"And they came to Jericho... As he was leaving Jericho with his disciples and a great crowd, Bartimaeus, a blind beggar, the son of Timaeus, was sitting by the roadside... He heard that it was Jesus of Nazareth, and he began to cry out and say, 'Jesus, Son of David, have mercy on me!'
...Many rebuked him, telling him to be silent. ['Shut up!!'] But he cried out all the more, 'So of David, have mercy on me!' And Jesus stopped and said, 'Call him.' And they called the blind man, saying to him, 'Take heart. Get up. He is calling you.'
Throwing off his clock, and springing up to his feet, he came to Jesus..."
Before the time of Christ, Plato had written a book called Timaeus. He was grasping at straws in the dark, hoping, and theologizing on who God is, who He must be. He came up with various ideas incorporating geometry and the world around him. Although, he could not know God by his own power or means, one of his characters in this dialogue did have the right idea:
"All men who partake of even a bit of sound-mindedness always call on God."

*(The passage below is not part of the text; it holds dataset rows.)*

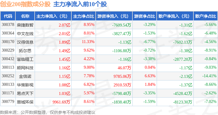 资金流向方面,创业200(399019)指数成份股当日主力资金净流出合计25.09亿元,游资资金净流入合计7.6亿元,散户资金净流入合计17.49亿元。成份股资金流向详情见下表: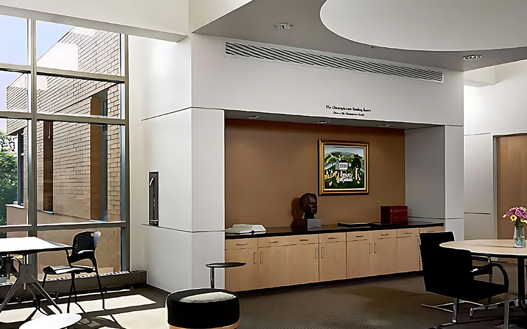 This new 41,000 square foot facility houses student gathering spaces and administrative and faculty offices functions on three floors. Located on the fourth side of a courtyard bounded on the other three sides by the Lutheran School of Theology, the building is intended to promote collaboration and resource sharing between the two institutions. A shared underground parking facility of 65,000 square feet serves as the base of the new facility and extends beneath the entire courtyard.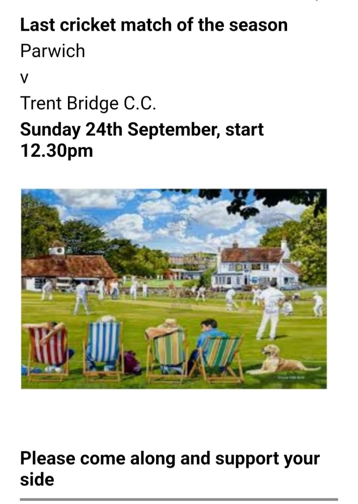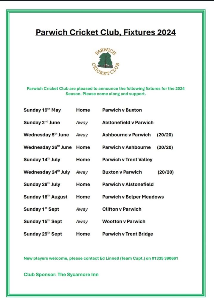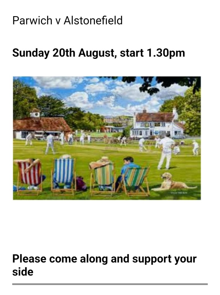 Please note that the Cricket Match at home to Alstonefield, Sunday 3rd August, has had to be cancelled.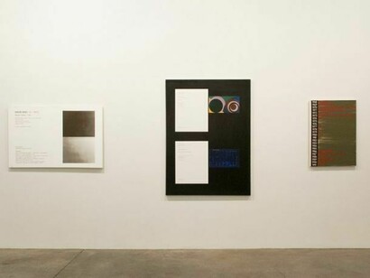 The show will have selections from 1991 to the present. Double Rejection, 2012, documents a moment when his painting hung in the boardroom at MoMA. The newest work Spine 1, 2013, is based on the abraded spine of the catalog of Barnett Newman’s Stations of the Cross, which has been in Diao’s possession since its publication in 1966. He will also present some very small copies of several of his favorite geometric paintings from the 70s in the manner of Duchamp’s Boite-en-valise.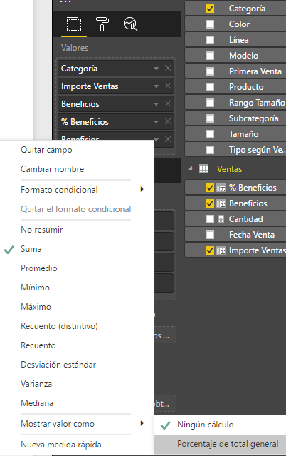 ¿Te haces una idea de lo que ha ocurrido? Pues lo que ha ocurrido es que la columna calculada, a efectos de uso en un informe, se comporta como una columna nativa y al añadirla al informe crea una medida implícita, agregando los valores, sumándolos, como mismo vismos al analizar Medidas implícitas vs Explícitas. Está sumando los Porcientos de Beneficios obtenidos fila a fila en lugar de devolver el Porciento que representan los Beneficios sobre las Ventas.
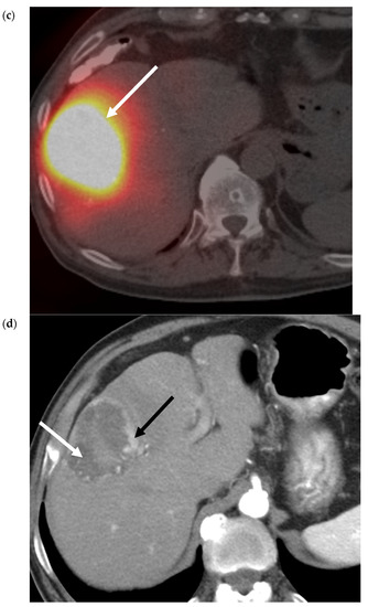 Radiation segmentectomy treats ≤2 hepatic segments using a lobar dose, with the goal of “curative” or ablative therapy, by permitting even higher doses of radiation to the liver tumor and minimizing the risk of nontarget embolization [22]. For example, recorded median doses to the tumor range from 536–1200 Gy, whilst limiting the median dose to the treated segment to 210–254 Gy [22,23]. This has been correlated with efficacious tumor necrosis [22,23,24,25]. Growing data and experience has led to the adoption of SIRT as the first-line transarterial locoregional treatment at some centers and suggests further validation as a viable treatment in localized early stage or very early stage HCC, not amenable to percutaneous ablation [26,27]. Figure 4 contains selected images from a 90Y radiation segmentectomy using glass microspheres. Figure 4c confirms delivery of the therapeutic agent to the desired location. Figure 4d demonstrates the gradual involution of tumor, which may not be immediately evident on early post-procedure imaging, as there are areas of residual enhancement.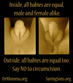 “Do not be afraid of divine punishment. God did not mandate circumcision. In the original version of the Torah, the book of J, circumcision is not even mentioned. Fallible men devised circumcision as a way to curb masturbation. Even Rabbi Maimonides acknowledged this fact.”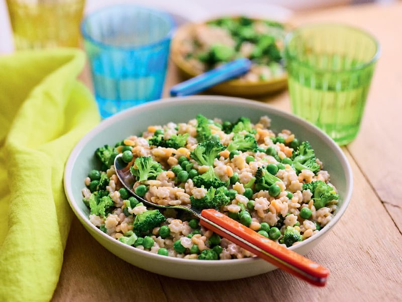Côté équilibre, cette recette végétarienne est source de protéines, avec des protéines végétales (lentilles corail, pois, pâtes complètes) et animales (emmental). Une association de choc, couvrant à elle seule 60 à 70 % des besoins journaliers de l’enfant en protéines !

Plato knew that he must call out. But, he had been fated to remain blind. Perhaps, he gave into his own understanding of God instead of seeking and finding Him for who He truly is.

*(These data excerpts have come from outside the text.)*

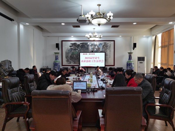 为进一步做好我校2021届毕业生就业创业工作,促进毕业生更充分更高质量就业,1月11日上午,我校在东方红校区行政办公楼一楼会议室召开2021届毕业生就业创业工作部署会。校党委书记彭小奇、校长童小娇、纪委书记李昱、副校长江正云以及招生就业处、学工处、教务处、纪委、团委、各学院党政主要负责人和党总支副书记参加会议。会议由江正云主持。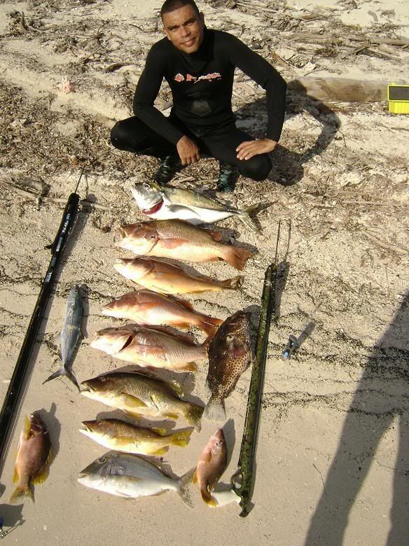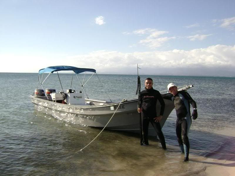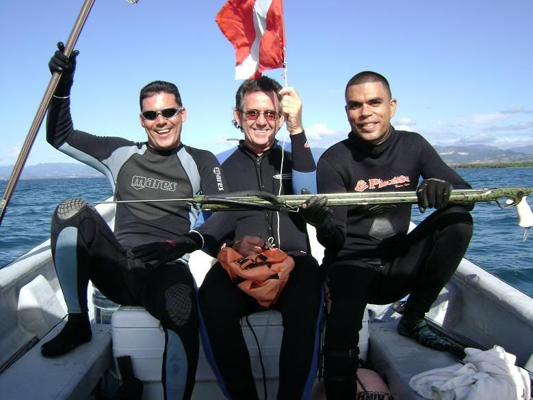 Al fin me pude mojar las escamas,ya casi se me olvidaba hasta como cargar el Fusil,,,,bueno pues sali hacia el sur de la isla con Jose (pepe yola) y Naranjo a un puntito que habian encontrado recientemente a explorar un poco mejor el area,,,,pues la verdad que habia buen movimiento,y si creen que los peces no se atragantan pues miren este mero,me llamo la atencion por el movimiento extraño que hacia como si tratara de sacarse algo de la boca y casi moribundo para mi sorpresa tenia un langostin atorado a medias en el buche,nunca he visto algo igual ,y para mi suerte hasta encontre los restos de un naufrajio viejisimo,,encontre parte de un timon redondo bastante grande en circuferencia parecido a los que utilizan los barcos de vela,y parte de los restos de (frame o esqueleto),, ,no me lleve el cover de la camara asi que no le pude tirar algunas fotos,solo faltaba (Marco) que esta congelandose el trasero en algun lugar al norte de los (Estados Unidos),,,,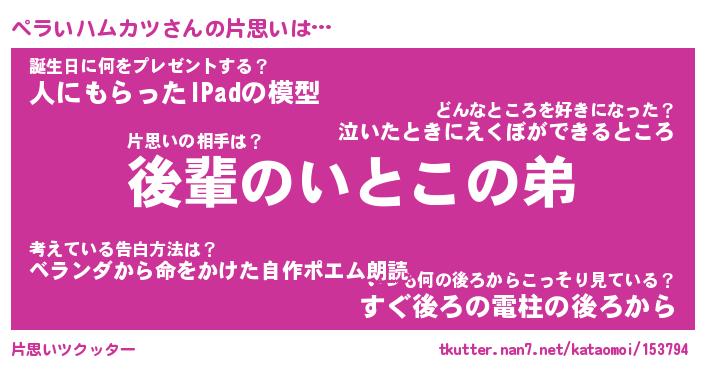 | 女子向けラノベタイトル風あだ名 | 『ペラいハムカツ姫と円卓の騎士』 |

Either way, the point is that like Timaeus and the followers, sons of Timaeus, we call out to God, hoping to learn who He is. The difference is, we know that we are heard.
'Take heart. Get up. He is calling you.'
We are answered. Jesus Christ calls out back to us, inviting us to come forward.We throw off our cloaks and the worries of this world and rush towards His voice. We are healed.
It is not by our own reason, merit, or strength. But, because of who Christ is and what He has done for us. Although, we may still not understand, He cleanses us and opens our eyes so that we may finally see His face.
"Immediately Bartimaeus recovered his sight and followed Him."
Check out Mark 10:46-52 and Timaeus 27C for references.